Дойти до горизонта
По дороге, не снимая с плеча ноши, я, наклонившись, подобрал два деревца саксаула. Навлекать на свою голову справедливый гнев Сергея за возвращение без топлива — бревно за дрова я не считал — не хотелось. Пусть лучше пострадают мои руки из-за лишнего груза, чем и без того расшатанные нервы от угроз и витиеватых проклятий Сергея. Татьяна пыхтела сзади, но сдаваться не намеревалась. Она, не подумав, ухватилась за гуж и теперь пыталась доказать, что дюжа.
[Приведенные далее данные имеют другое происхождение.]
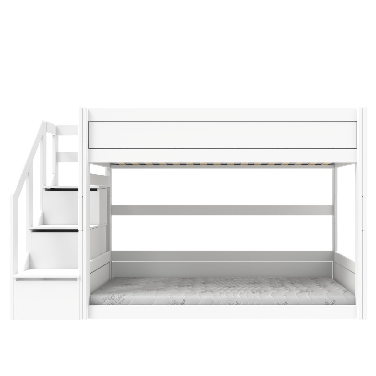 Lit superposé Lifetime à faible hauteur avec échelle, 90 x 200 cm, sommier à lattes Deluxe en blanc

«Пусть кряхтит, — злорадно думал я, — глупость должна вознаграждаться по заслугам. Жалости она от меня не дождется — дудки!» Еще наддал темп. Татьяна стала сбиваться с ритма шагов.
— Может, бросим бревно? — внешне миролюбиво предложил я.
Татьяна, не в силах ответить членораздельно из-за частого дыхания, отрицательно замычала.
«Ну, тогда тащи, шевели ножками», — подумал я. Мне тоже было тяжело, и от этого я злился больше. Когда шли по воде, оступился, чуть было не обрушил столб на собственную голову. Хорош бы я был, погибнув от бревна, которое сам же притащил за полтора километра. Глупее смерти не придумаешь!
Салифанова в лагере, куда мы наконец дотащились, не было. Мы ошарашенно шарили глазами по сторонам, стоя возле догорающего костровища. На донышке перевернутой кастрюли было сложены лепешки.
— Сергей! — крикнул я.
Салифанов невнятно ответил мне из-за низеньких прибрежных кустов. Как можно умудриться спрятаться за ними, непонятно. Я шагнул в сторону, с которой доносился голос, и сразу увидел Сергея, низко сидящего на коленях. Поэтому он и был скрыт от наших взоров. Он что-то рассматривал, озабоченно шевеля пальцами песок. Когда я подошел ближе, он молча ткнул подбородком себе под ноги. На влажном прибрежном песке были четко отпечатаны следы.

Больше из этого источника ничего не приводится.